* _TASK ITEM_
For this exercise, write out only the lines of the entries below from the one with "Цвет #09D917 в" up to and including the one with "Immich gives each", exactly as they are. Pictures stay out.
::: DATA :::
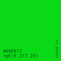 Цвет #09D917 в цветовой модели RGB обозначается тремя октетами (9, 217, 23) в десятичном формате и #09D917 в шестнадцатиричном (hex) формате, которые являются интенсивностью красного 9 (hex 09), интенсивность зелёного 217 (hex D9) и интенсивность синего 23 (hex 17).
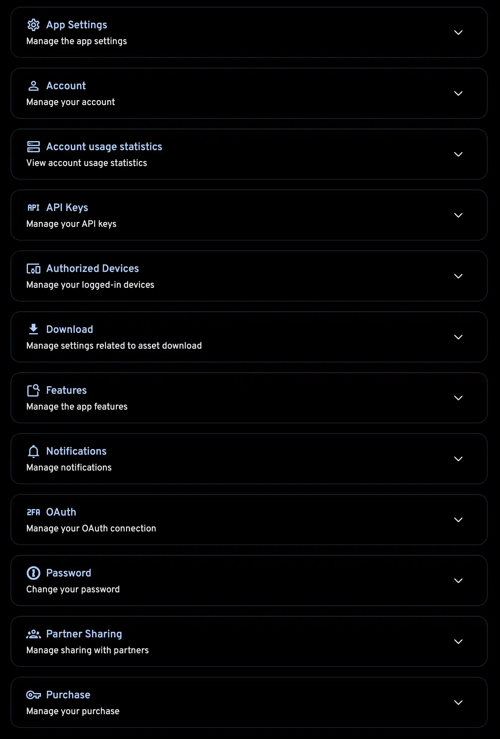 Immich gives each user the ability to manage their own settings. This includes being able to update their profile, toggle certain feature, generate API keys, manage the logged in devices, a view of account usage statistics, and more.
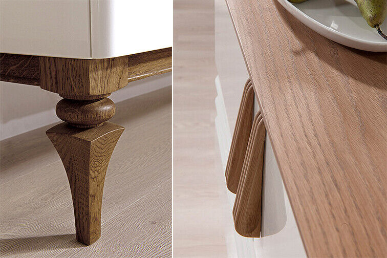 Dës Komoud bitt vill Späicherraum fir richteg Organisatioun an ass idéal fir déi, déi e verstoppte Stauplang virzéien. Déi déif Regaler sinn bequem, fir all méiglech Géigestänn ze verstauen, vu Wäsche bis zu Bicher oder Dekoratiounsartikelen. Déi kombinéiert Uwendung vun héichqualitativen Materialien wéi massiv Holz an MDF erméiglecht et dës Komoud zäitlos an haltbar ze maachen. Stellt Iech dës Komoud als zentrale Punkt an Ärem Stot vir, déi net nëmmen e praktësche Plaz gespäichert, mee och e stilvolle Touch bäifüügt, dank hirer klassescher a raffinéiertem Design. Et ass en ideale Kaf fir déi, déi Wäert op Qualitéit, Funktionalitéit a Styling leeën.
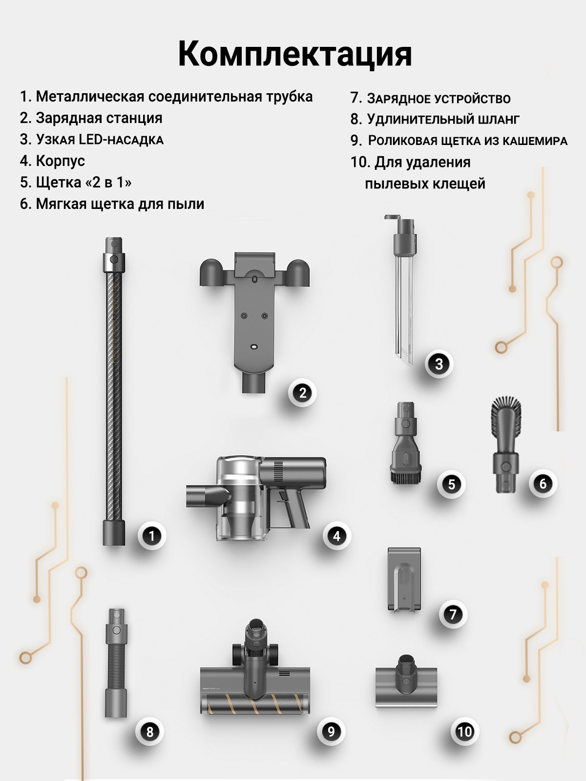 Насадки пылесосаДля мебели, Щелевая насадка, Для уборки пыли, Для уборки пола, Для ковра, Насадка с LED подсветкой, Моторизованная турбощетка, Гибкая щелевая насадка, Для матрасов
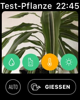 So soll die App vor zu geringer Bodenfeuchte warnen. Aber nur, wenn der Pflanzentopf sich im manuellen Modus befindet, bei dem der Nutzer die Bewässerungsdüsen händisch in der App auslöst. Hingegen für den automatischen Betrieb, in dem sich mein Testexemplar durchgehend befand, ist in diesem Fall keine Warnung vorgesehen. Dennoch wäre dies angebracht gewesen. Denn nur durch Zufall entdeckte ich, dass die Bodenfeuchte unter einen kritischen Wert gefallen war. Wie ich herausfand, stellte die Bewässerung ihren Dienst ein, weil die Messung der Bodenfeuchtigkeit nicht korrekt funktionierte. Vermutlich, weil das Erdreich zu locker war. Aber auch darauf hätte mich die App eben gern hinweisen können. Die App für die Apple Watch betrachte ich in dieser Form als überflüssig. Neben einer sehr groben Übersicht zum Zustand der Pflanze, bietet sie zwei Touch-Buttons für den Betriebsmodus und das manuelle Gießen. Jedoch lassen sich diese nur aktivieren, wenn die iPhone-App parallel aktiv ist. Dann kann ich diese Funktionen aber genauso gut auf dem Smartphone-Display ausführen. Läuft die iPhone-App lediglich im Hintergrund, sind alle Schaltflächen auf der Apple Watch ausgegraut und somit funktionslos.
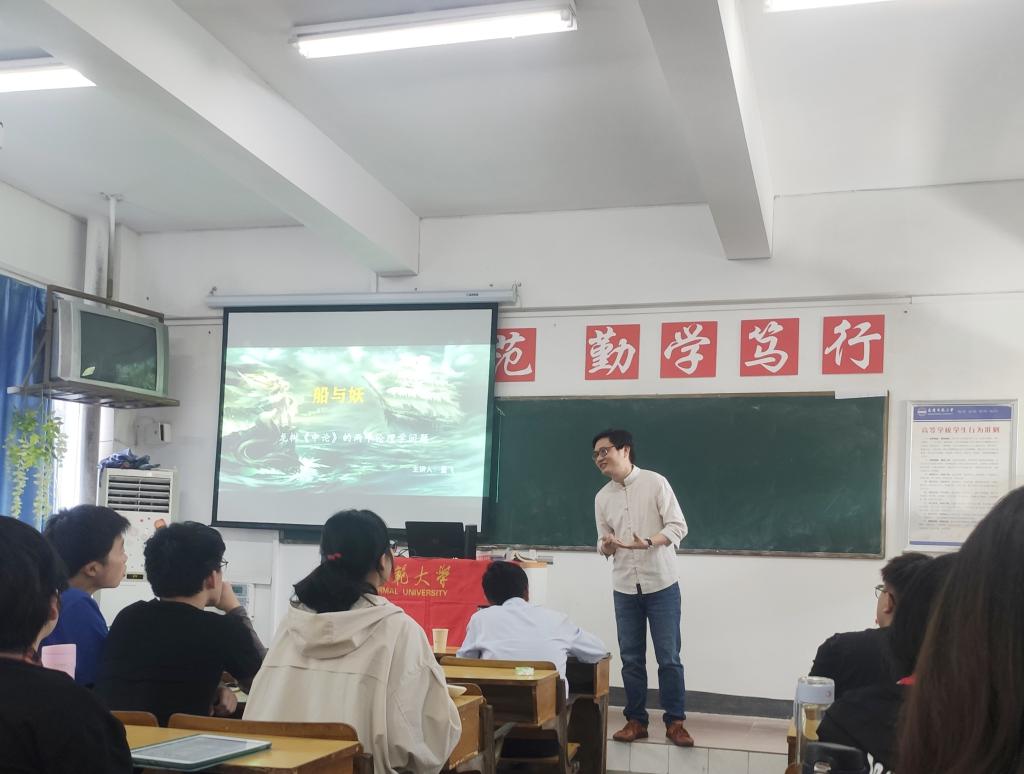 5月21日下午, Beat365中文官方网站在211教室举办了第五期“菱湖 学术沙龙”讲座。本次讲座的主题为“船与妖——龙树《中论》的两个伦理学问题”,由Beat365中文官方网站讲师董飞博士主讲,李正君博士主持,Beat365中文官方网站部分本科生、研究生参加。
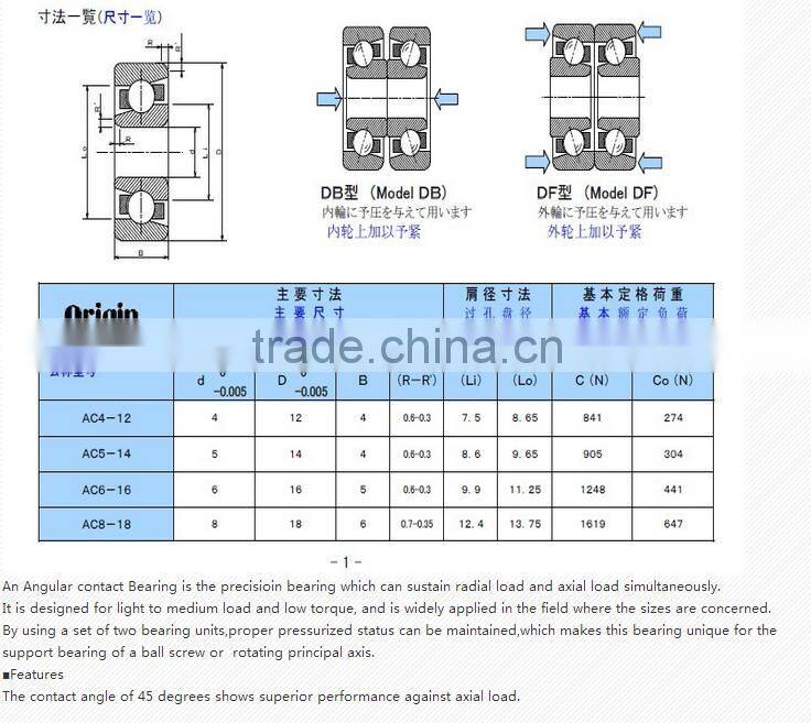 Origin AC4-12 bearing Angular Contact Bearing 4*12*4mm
:::
::: DATA :::
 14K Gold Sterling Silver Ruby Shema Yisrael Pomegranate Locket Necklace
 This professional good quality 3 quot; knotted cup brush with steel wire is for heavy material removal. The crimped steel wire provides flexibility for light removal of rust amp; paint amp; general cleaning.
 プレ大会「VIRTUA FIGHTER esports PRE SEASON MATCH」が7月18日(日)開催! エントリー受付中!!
:::
* _ANSWER TO THIS EXERCISE_
 Цвет #09D917 в цветовой модели RGB обозначается тремя октетами (9, 217, 23) в десятичном формате и #09D917 в шестнадцатиричном (hex) формате, которые являются интенсивностью красного 9 (hex 09), интенсивность зелёного 217 (hex D9) и интенсивность синего 23 (hex 17).
 Immich gives each user the ability to manage their own settings. This includes being able to update their profile, toggle certain feature, generate API keys, manage the logged in devices, a view of account usage statistics, and more.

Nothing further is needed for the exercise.